What to work on:
Return only the lines of the data below from the line with "侠士参与活动时可获得时光币,使用时光币可以在兑换商店处兑换丰厚奖励。" up to and including the line with "2% / 안감:폴리에스테르 |", exactly as written, with the pictures omitted.

Content starts

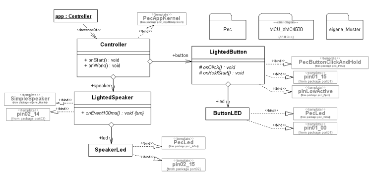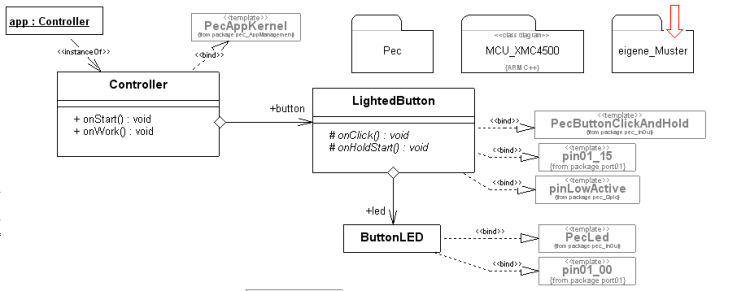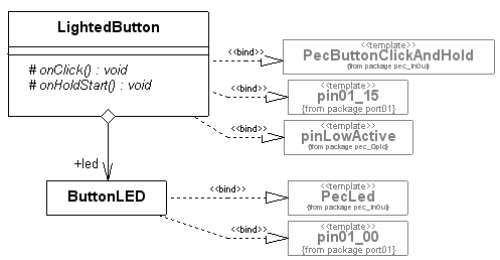 Für die weitere Arbeit können wir auf vorhandene UML-Pakete zurückgreifen (Navigator / UML-Pakete / :Pec / :pec_InOut). Um die vorhandenen Lösungen für unsere neue Komponente wiederzuverwenden, ziehen wir den PecButtonClickAndHold sowie die Led in das Diagramm und verknüpfen diese mit den Bausteinen unserer Komponente. Als Verbindungstyp wählen wir die Realisierung. Die Zuordnung der konkreten Port-Pins erfolgt ebenfalls über Templates, die wir im UML-Ordner pinList finden.
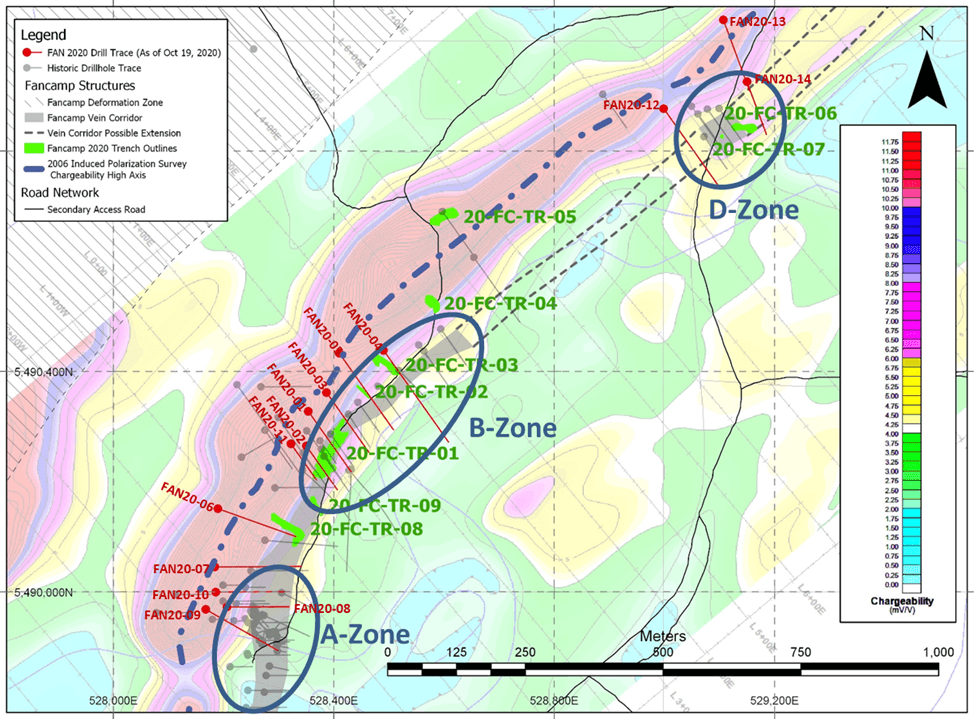 Figure 1: Trenches, Drill Holes, Vein Trends and Historical IP (Chargeability) Anomalies – Fancamp A-, B-, and D-zones
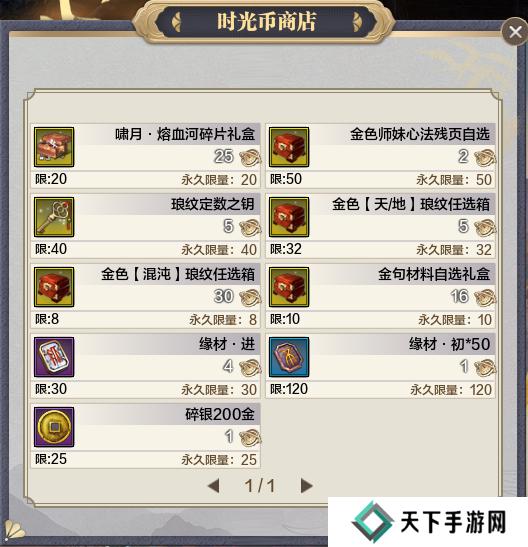 侠士参与活动时可获得时光币,使用时光币可以在兑换商店处兑换丰厚奖励。
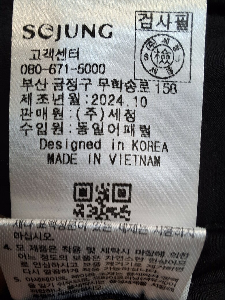 | 1. 제품 소재 (섬유의 조성 또는 혼용률을 백분율로 표시, 기능성인 경우 성적서 또는 허가서) | 겉감:폴리에스테르 94%, 마 4%, 폴리우레탄 2% / 안감:폴리에스테르 |
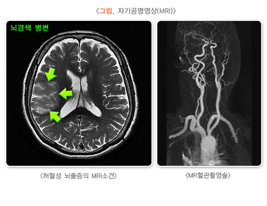 자기공명영상(MRI)은 CT와 함께 뇌졸중 진단 시 많이 사용되는 검사로서 자기장을 이용하여 몸의 단면 영상을 얻습니다. MRI의 장점은 CT보다 초기의 뇌경색 혹은 작은 크기의 뇌경색을 예민하게 잘 발견하고, 뇌종양 등 다른 진단과의 구별을 쉽게 할 수 있도록 많은 정보를 제공하는 것입니다. 그러나 일부 심장 박동기와 같이 금속성 부착물을 가진 환자는 검사를 시행할 수 없으며, CT보다 검사 시간이 더 많이 걸린다는 단점이 있습니다. 한편 혈관의 상태를 촬영하는 자기공명혈관조영술(Magnetic Resonance Angiography, MRA)을 시행하면 뇌혈관 상태도 쉽게 확인할 수 있습니다.
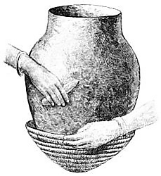 - ёмкостно-донная — изготовление сосуда начинается с его будущей верхней части (венчика, шейки или тулова), в целом — ёмкости сосуда, а завершается донной частью.
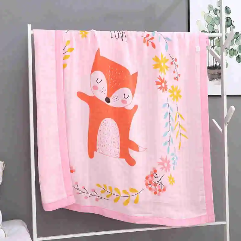 I@home Cartoon Fox Print Baby Bath Towel Sleeping Muslin Swadle Baby Quilt Blanket Bamboo
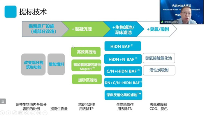針對污水廠提標改造面臨的難題,連宏偉介紹了華騏環保的系統解決方案:
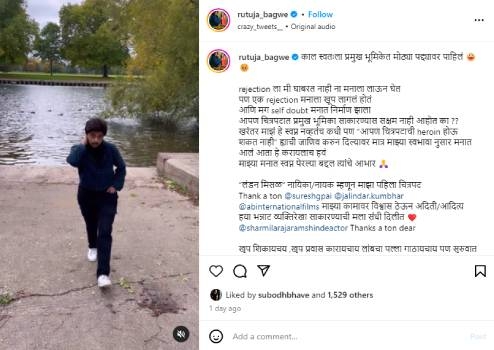 "काल स्वतःला प्रमुख भूमिकेत मोठ्या पद्द्यावर पाहिलं. rejection ला मी घाबरत नाही ना मनाला लाऊन घेत. पण एक rejection मनाला खूप लागलं होतं. आणि मग self doubt मनात निर्माण झाला. आपण चित्रपटात प्रमुख भूमिका साकारण्यास सक्षम नाही आहोत का ?? खरंतर माझं हे स्वप्न नव्हतंच कधी पण “आपण चित्रपटाची heroin होऊ शकत नाही” ह्याची जाणिव करुन दिल्यावर मात्र माझ्या स्वभावानुसार मनात आलं आता हे करायलाच हवं. माझ्या मनात स्वप्न पेरल्या बद्दल त्यांचे आभार “लंडन मिसळ” नायिका/नायक म्हणून माझा पहिला चित्रपट," अशी पोस्ट ऋतुजाने करत तिच्या भावना व्यक्त केल्या.
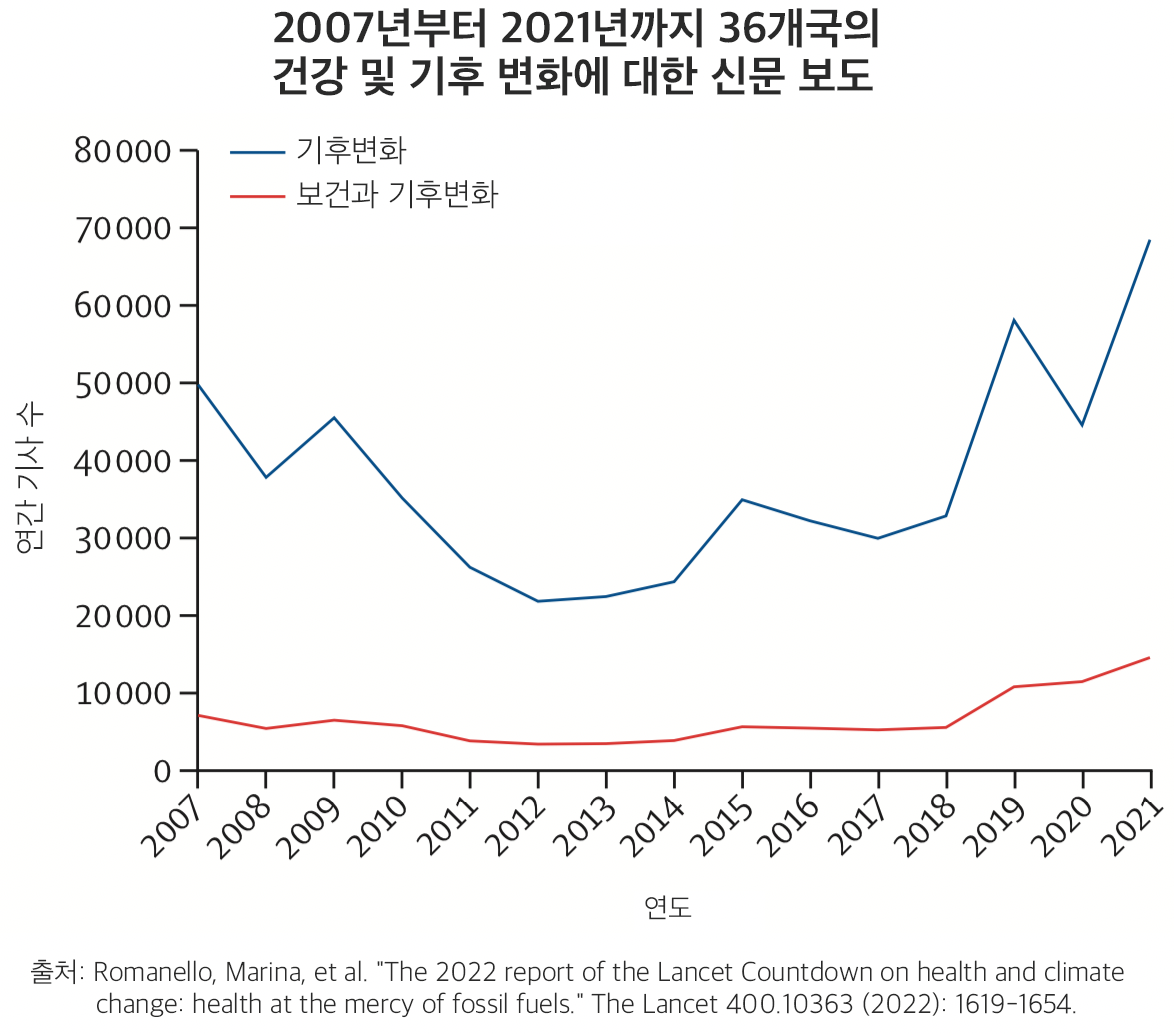 세계보건기구(WHO), 세계기상기구(WMO), 세계은행 등을 포함한 전 세계 35개 이상의 파트너와 협력하여 기후 변화와 건강 간의 연관성을 추적하는 보건과 기후변화에 관한 랜싯 카운트다운 2022 보고서(The 2022 report of the Lancet Countdown on health and climate change)가 지난 10월에 발표되었다. 이 보고서는 세계적으로 가장 영향력 있는 의학 저널의 하나인 랜싯(Lancet)을 발간하는 랜싯 위원회가 2015년 '기후변화에 대처하는 것이 21세기 최대의 글로벌 보건 기회가 될 수 있다'는 판단 아래 정책 입안자를 참여시키고 보건 전문가를 지원할 수 있는 글로벌 모니터링 시스템의 필요성을 위해 2016년부터 발간되기 시작했다. 올해 보고서는 세계 에너지 위기의 영향과 현재 진행 중인 코로나19 팬데믹의 영향을 복합화하는 기후 변화의 건강, 사회 및 경제적 영향에 대해 국가와 보건 시스템이 씨름하는 가운데 발간되었다. 2022년 보고서는 5개의 핵심 영역과 43개의 지표에 걸쳐 건강과 기후 변화의 관계를 추적하여 세계가 중요한 시점에 있다는 것을 보여준다. 이 보고서는 동시에 화석 연료에 대한 새로운 과도한 의존은 보건에 미치는 영향이 악화되어 치명적으로 온난화된 미래를 인류를 가둘 수 있지만, 보건 중심의 저탄소 대응은 세계 인구가 생존할 수 있을 뿐만 아니라 번영할 수 있는 미래를 제공할 수 있는 새로운 기회를 제공한다고 강조한다. 이 글은 랜싯 카운트다운 2022 보고서 The 2022 report of the Lancet Countdown on health and climate change: health at the mercy of fossil fuels 개요서(executive summary) 번역으로 기후변화가 건강, 전염병 확산, 경제와 노동, 농업, 의료에 미치는 영향을 분석하고 대응 방안을 제시하고 있다.
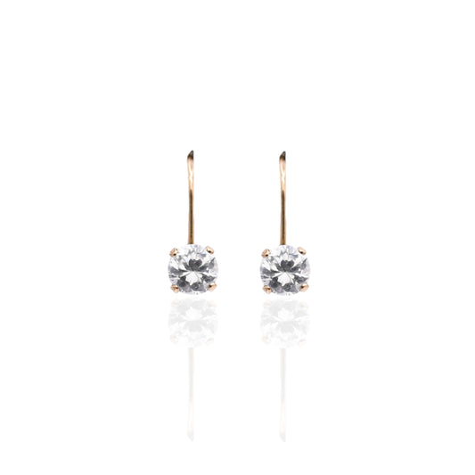 Cubic Zirconia Lever Back Earrings 14K Yellow Gold

Content ends

Written answer:
 侠士参与活动时可获得时光币,使用时光币可以在兑换商店处兑换丰厚奖励。
 | 1. 제품 소재 (섬유의 조성 또는 혼용률을 백분율로 표시, 기능성인 경우 성적서 또는 허가서) | 겉감:폴리에스테르 94%, 마 4%, 폴리우레탄 2% / 안감:폴리에스테르 |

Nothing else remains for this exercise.